There’s a catch, of course. Without dragging her back to the specialists and ordering up an MRI of her brain, there’s no absolute way to know if this tumor is benign or malignant. Research says the large majority of pituitary tumors in dogs are benign. With an average canine MRI running into several thousands of dollars, I’m inclined to let the odds dictate our response on this one. If it turns out to be something more aggressive, the options I’m willing to pursue decrease fairly dramatically anyway.

The prognosis for all of us is the same in the long run, so there’s very little advantage to be found in trying to plan against it. With all that said, I’m cautiously optimistic that we can strike on a way ahead that maintains or improves the brown dog’s quality of life in the short and may even mid-term.

Specialists…

I’m old enough to remember taking the family dog to a vet who ran his practice out of a converted shed in his back yard. Treatment for most any ailment was a shot of antibiotics and a bland diet – his weapon of choice was boiled hamburger and rice. It was the middle 1980s and the very notion, at least in the mountains of western Maryland, that there should be anything remotely like a “specialty” vet didn’t cross any of our minds. Dogs got their rabies shot every 3rd year, ate table scraps mixed with their dry food, and all lasted for somewhere between 8 and 10 years.

Flash forward 30 years…

My bulldog, being typical of his breed, assembled an impressive roster of medical professionals on his “healthcare team.” Cardiologists, allergists, orthopedic surgeons, and anesthesiologists over the course of treating his many various conditions. My labrador, now into old age herself, has already acquired a opthmologist. In the coming weeks it’s likely we’ll add a radiologist, an oncologist, and a general surgeon to her list.

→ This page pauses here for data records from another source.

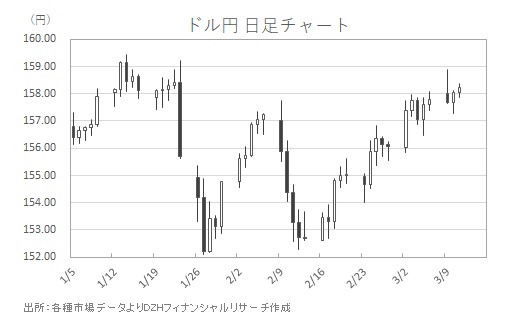 為替市場も影響を受けています。地政学リスクが高まる局面では「有事のドル買い」が入りやすく、ドル円は159円乗せをうかがう状況となりました(図表参照)。さらに、日本はエネルギー輸入国であるため、原油高は貿易収支の悪化を通じて円売り要因となります。このため、原油上昇局面ではドル高・円安が同時に進みやすくなります。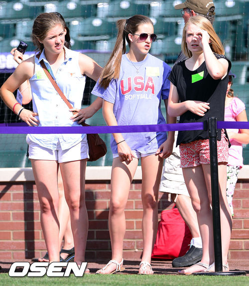 [OSEN=덴버(미국), 곽영래 기자] 3일(한국시간) 미국 콜로라도주 덴버 쿠어스필드에서 열린 2013 미국 메이저리그 콜로라도 로키스와 LA 다저스의 경기에 앞서 콜로라도 로키스 소녀팬들이 구장 그라운드에 나와 선수들을 기다리고 있다.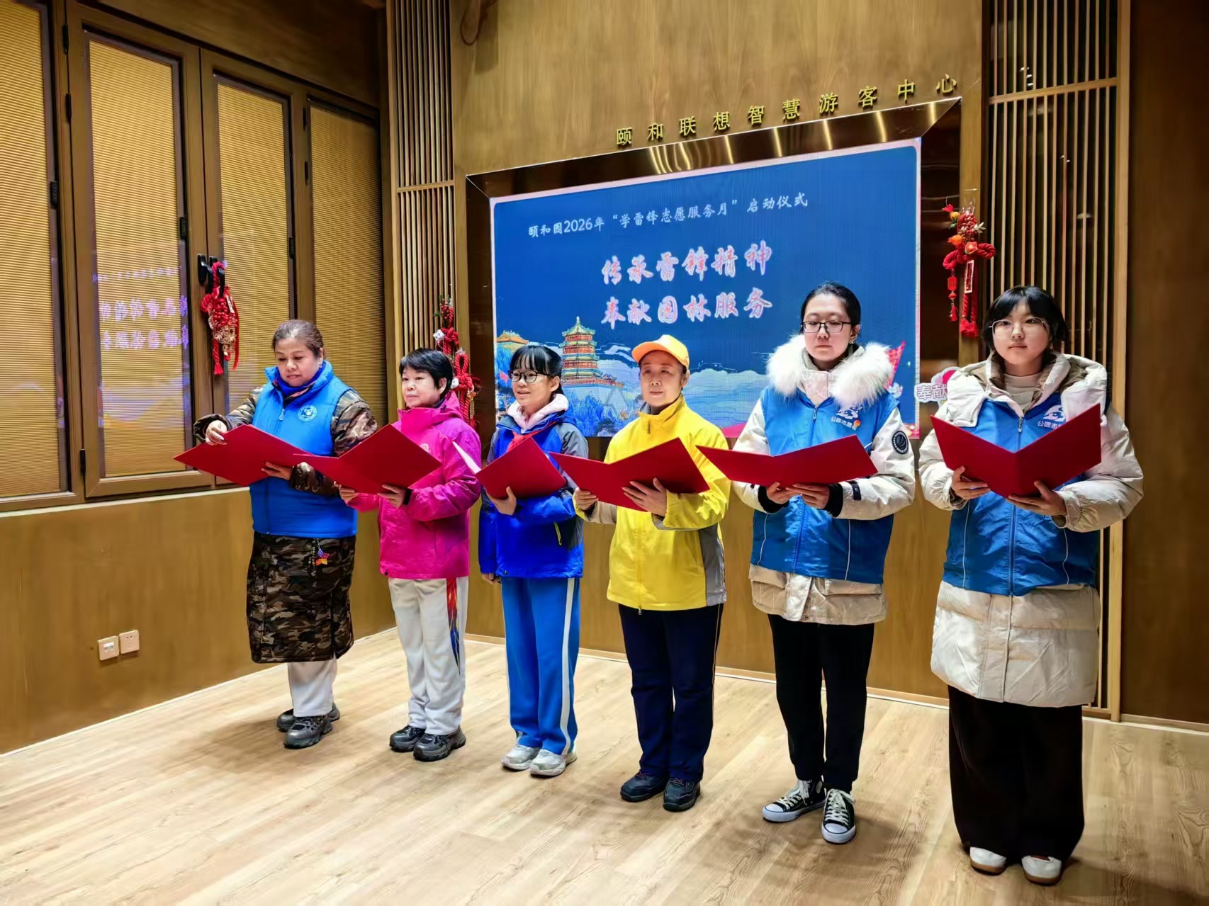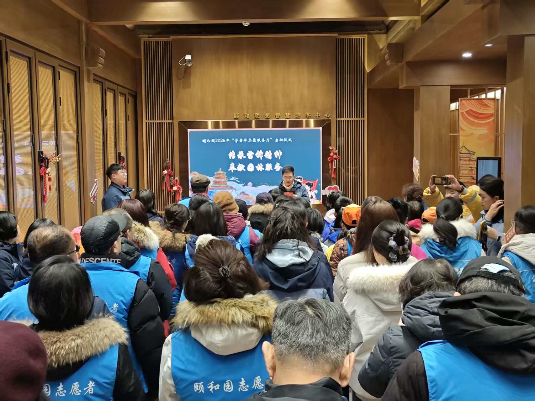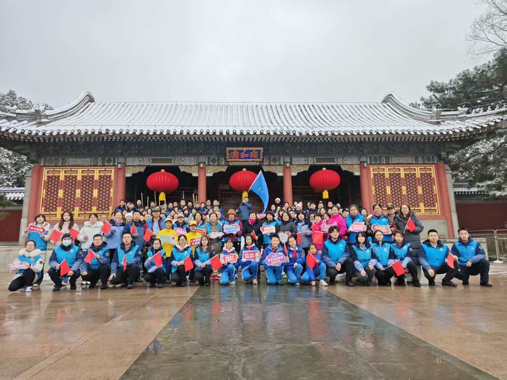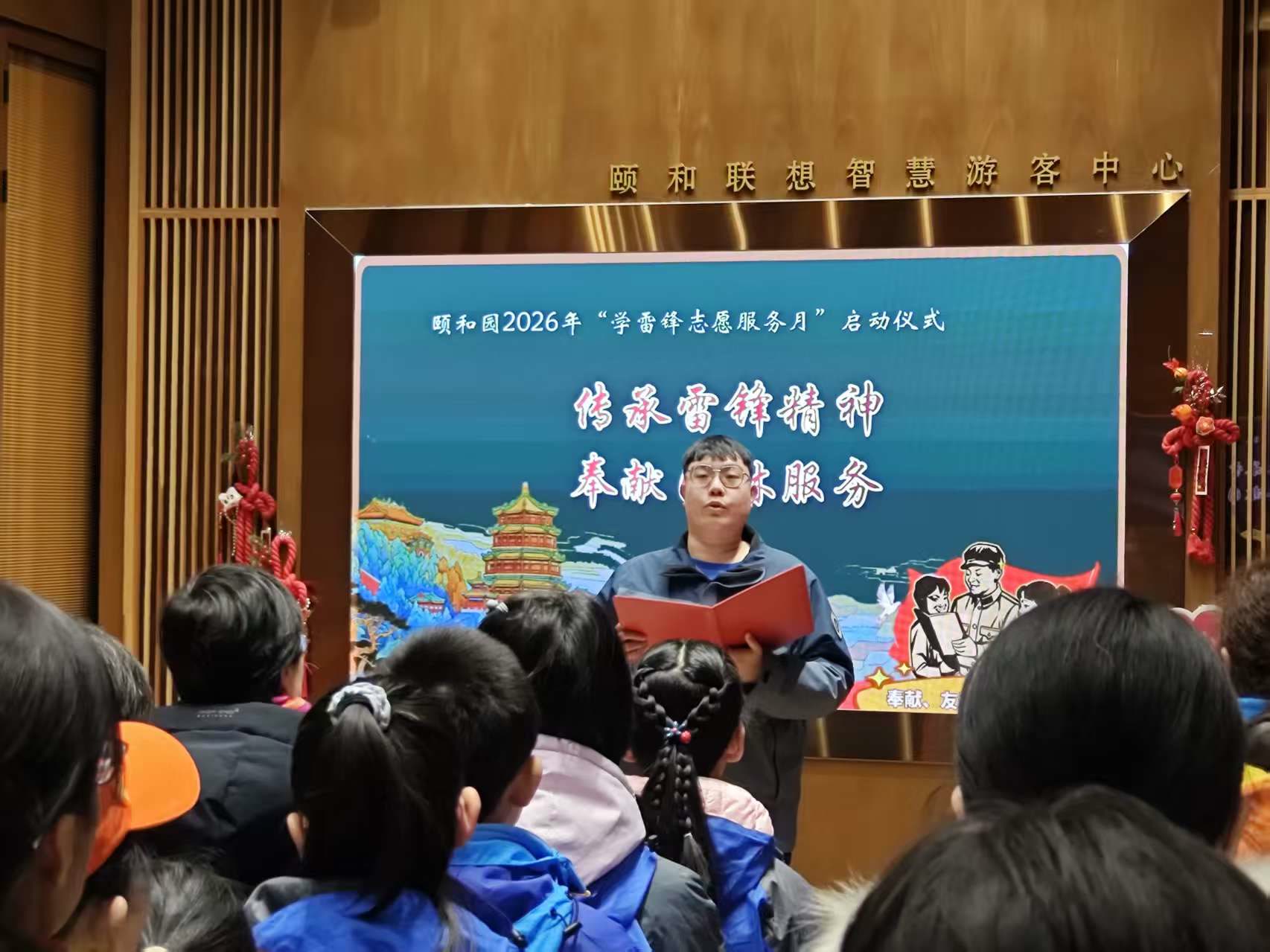 随着宣布颐和园学雷锋志愿服务月正式启动,全体人员移步东宫门广场,共唱《学习雷锋好榜样》,嘹亮的歌声回荡在传统园林上空。合影留念后,新老志愿者携手为游客提供讲解引导服务,用实际行动践行雷锋精神。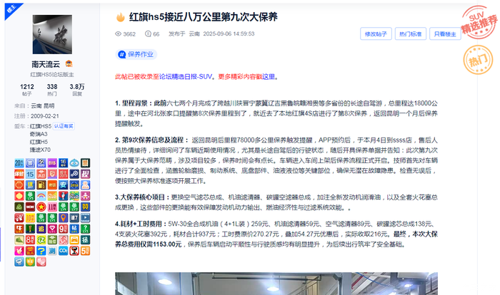 看看我的8万公里第九次保养花1153.00元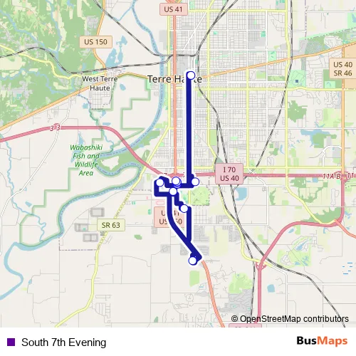 See why over 2 million users trust and consider busmaps.com as the best public transport website. busmaps gives you Terre Haute Buses suggested routes, real-time bus tracker, line route maps in Terre Haute, and helps to find the closest South 7th Evening bus stops near you. No internet available? Download an offline PDF map and bus schedule for the South 7th Evening bus to take on your trip.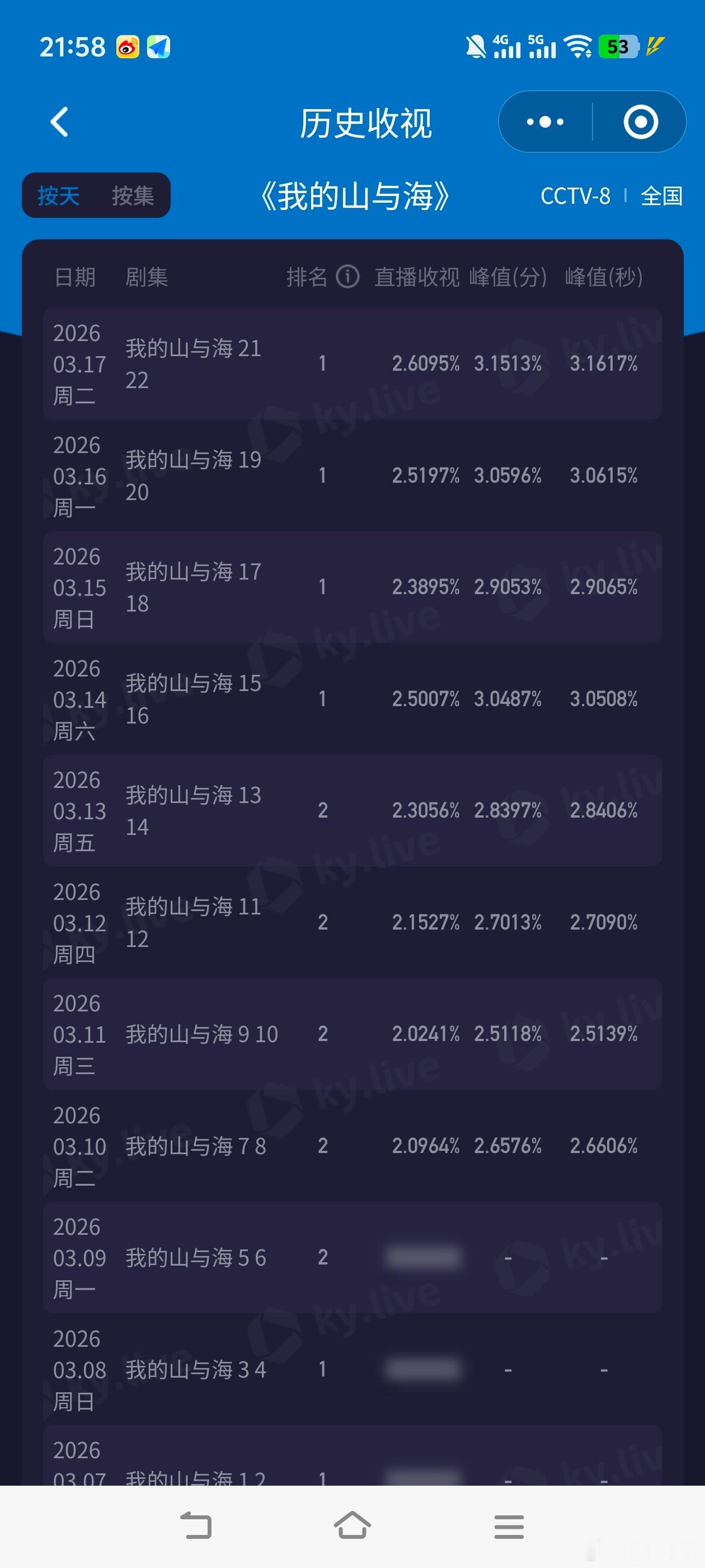 年代剧离不开的狗血三要素《我的山与海》今晚收视再创新高,酷云峰值3.1617,平均2.6095,可以预定今年前五了!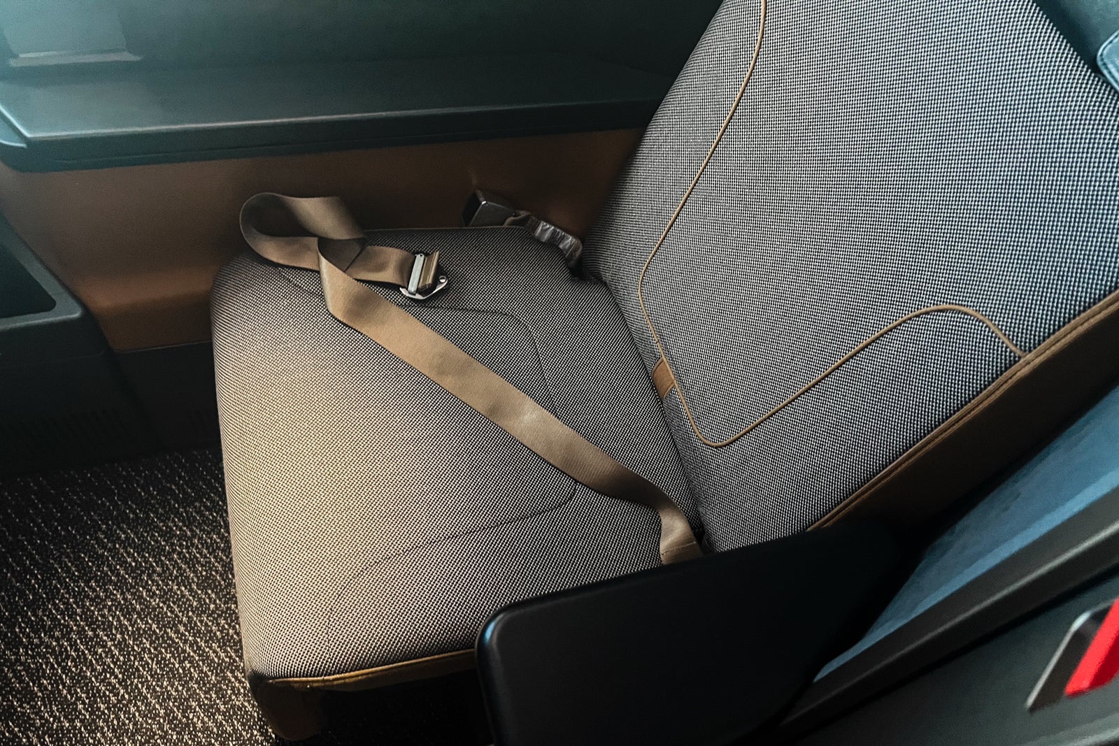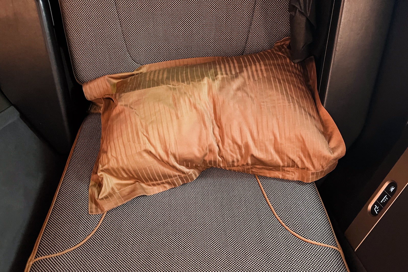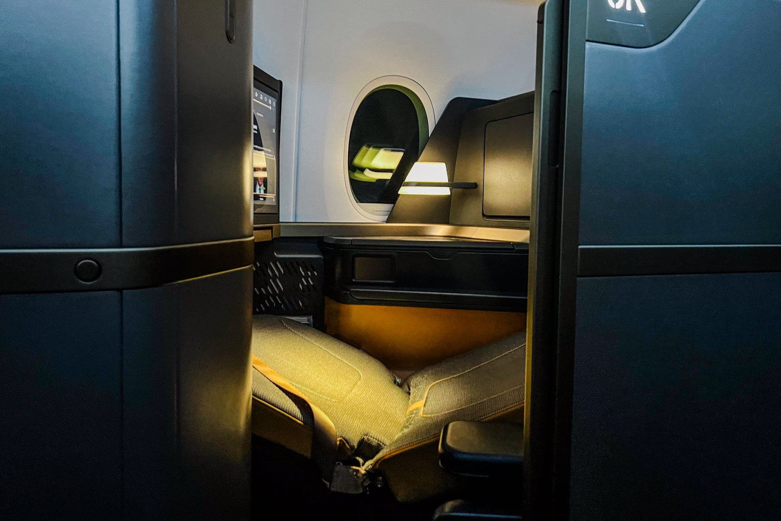 I beloved seat 6K. It was nicely padded and extensive sufficient that I by no means felt cramped. The footwell narrowed on the toes, however not like some business-class seats I’ve been in, it didn’t really feel too tight whereas I slept. I measured it at 14 inches at its narrowest.

Veterinary medicine as it exists today – with the ability to diagnose and treat the family dog in a remarkably similar way to how how I’d be treated if I walked through the doors at Hopkins with the same symptoms – is a marvel. It’s also a money making juggernaught, but that’s a separate discussion. The practice I’m taking Maggie to this week in hopes of working up a final diagnosis and beginning outline of a treatment plan includes easily a thousand or more years of combined experience in emergency medicine, cardiology, dentistry, dermatology, radiology, neurology, oncology, and ophthalmology, in addition to maintaining six surgeons on staff. Their posted resumes are suitably impressive (yes, I’ve read them all). I’m cautiously optimistic that all this will translate into identifying what the best options look like for the road ahead.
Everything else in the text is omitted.